Come si dice lottery pick in giapponese?

In coppia con il francese Kim Tillie (al momento ai box per infortunio), Hachimura garantisce grande solidità nei pressi del canestro grazie a reattività atletica e un senso del tempo che gli permette di essere estremamente produttivo in difesa del ferro e a rimbalzo, mentre in attacco l’efficienza in area e nelle partenze dal palleggio sta iniziando a fare spazio a un tocco sempre migliore in ottica di allargargli il raggio di azione.

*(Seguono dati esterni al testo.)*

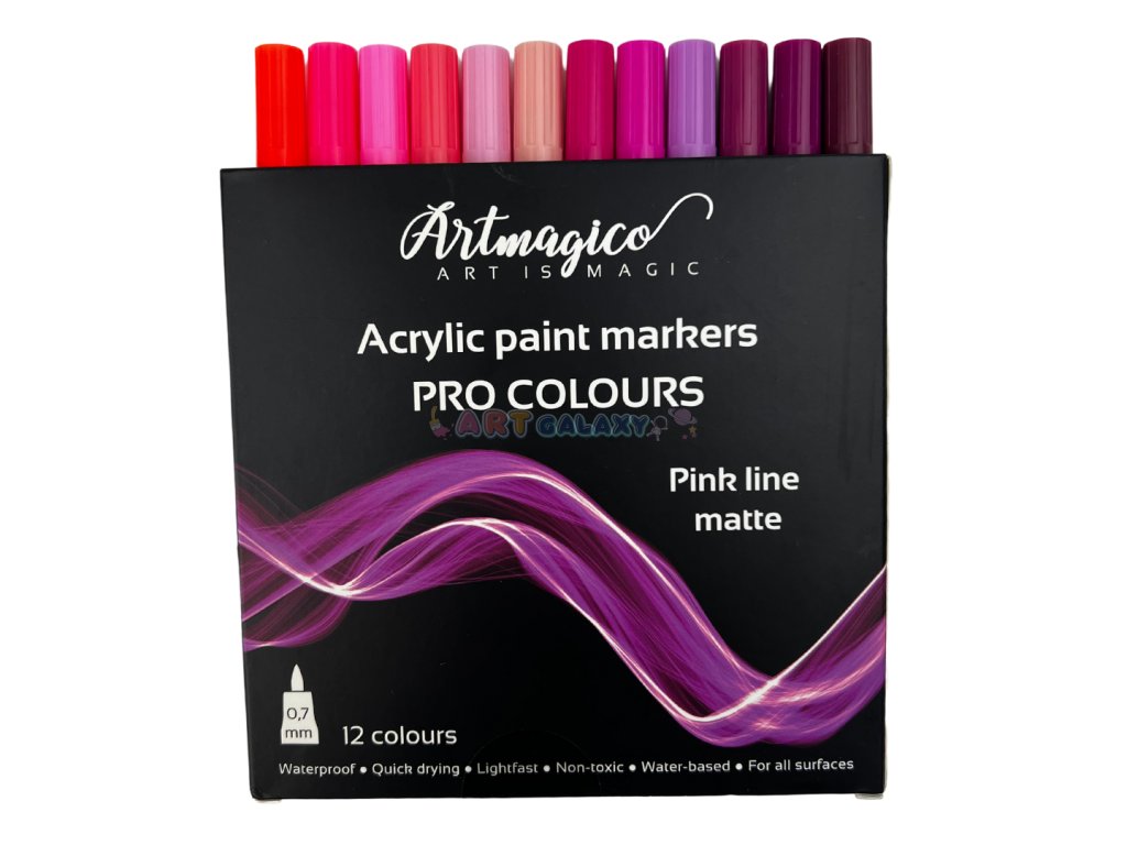 Akrylové fixy s extra jemným hrotem o síle 0,7 mm s 12 matnými barvami určenými pro profesionály i amatérské umělce. Perfektní krycí vlastnosti a nádherné odstíny barev potěší každého milovníka barev. Sada s odstíny růžových barev.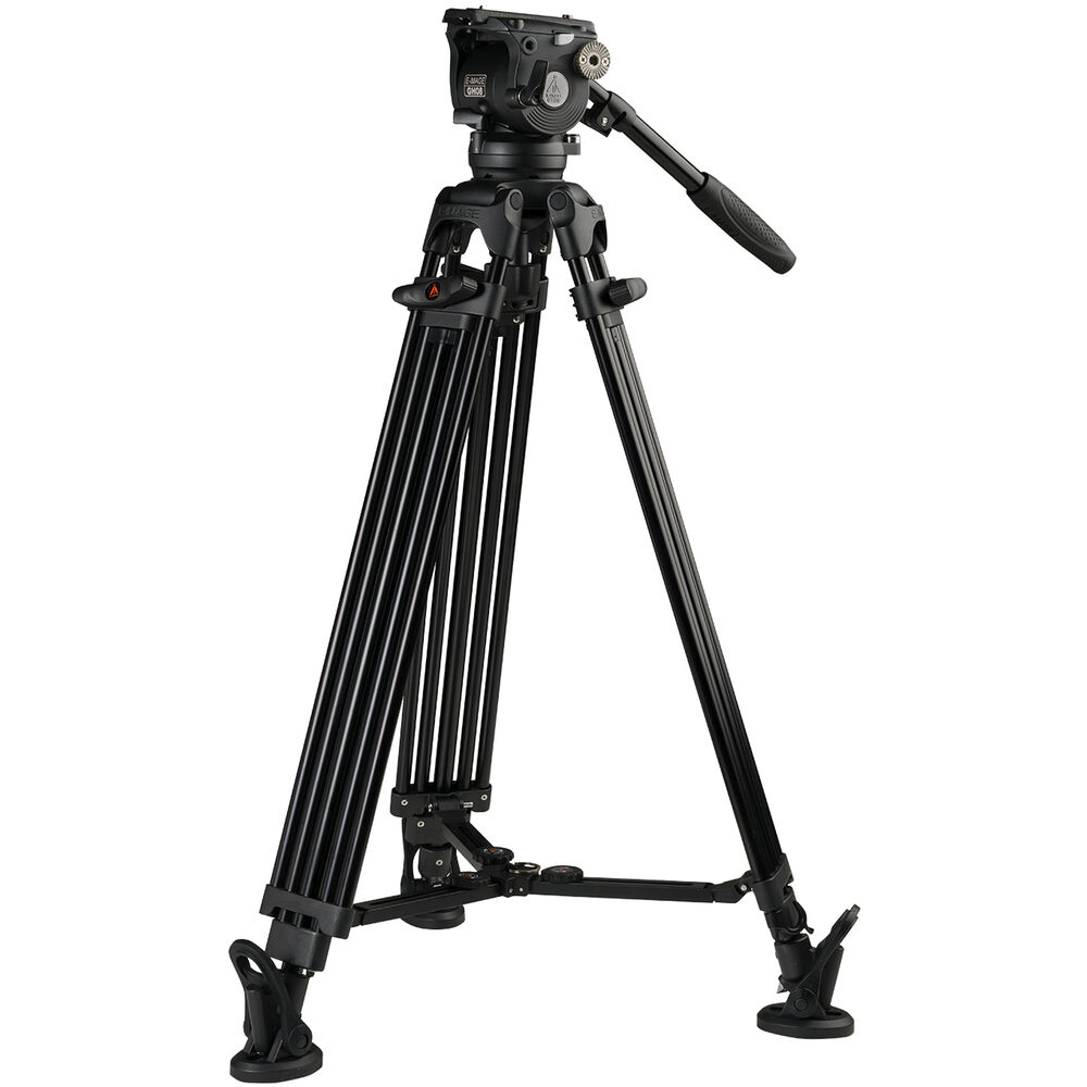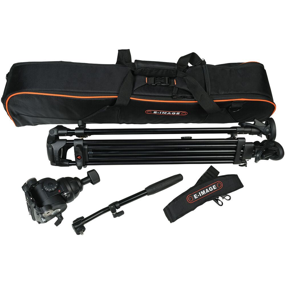 El sistema de trípode de aluminio E-Image EG08A2 es compatible con cámaras y accesorios que pesan hasta 17.6 libras. Incluye el cabezal de fluido GH08 con barra de barra GB2, patas de trípode de aluminio GA752 de dos etapas y spreader de nivel medio GS01. Las patas del trípode cuentan con tres secciones con bloqueo de patas monobloque. El sistema ofrece un ajuste de altura de 2.5 a 5.6 pies, y se colapsa hasta 33.3 ".

Un giocatore estremamente interessante seppur inglobato in una Conference che non fa certo della competitività la sua caratteristica principale. Una buona preparazione in vista di marzo e del salto in NBA che appare ovvio a questo punto della sua crescita.

Bol Bol - Oregon

Bol Bol non fa nulla per non farsi notare, e come potrebbe in fondo? Difficile evitare di riconoscere i suoi duecentoventicentimetri per un centinaio di chili strizzati dentro felpe Supreme come se fossero appese su una gruccia o il prestigioso nome da principe africano, portato con grazia dal padre Manute in NBA.

Bol Jr., o Bol al quadrato che dir si voglia, ha la stessa struttura da giunco del compianto genitore, ma non è un semplice protettore del ferro: al contrario, possiede uno skillset davvero unico e intrigante. Alto e lungo ma capace di palleggiare come un play e tirare come una guardia, il nuovo idolo di Eugene, Oregon, è un unicorno light, uno stretch-5 che dovrà imparare a reggere i contatti fisici con i muscoli dei lunghi NBA. Bol ha dei piedi impressionanti per l’altezza che devono portare in giro e un tocco di palla soffice sia intorno al ferro che quando mostra il range di tiro, l’attrattiva principale del talento di Bol.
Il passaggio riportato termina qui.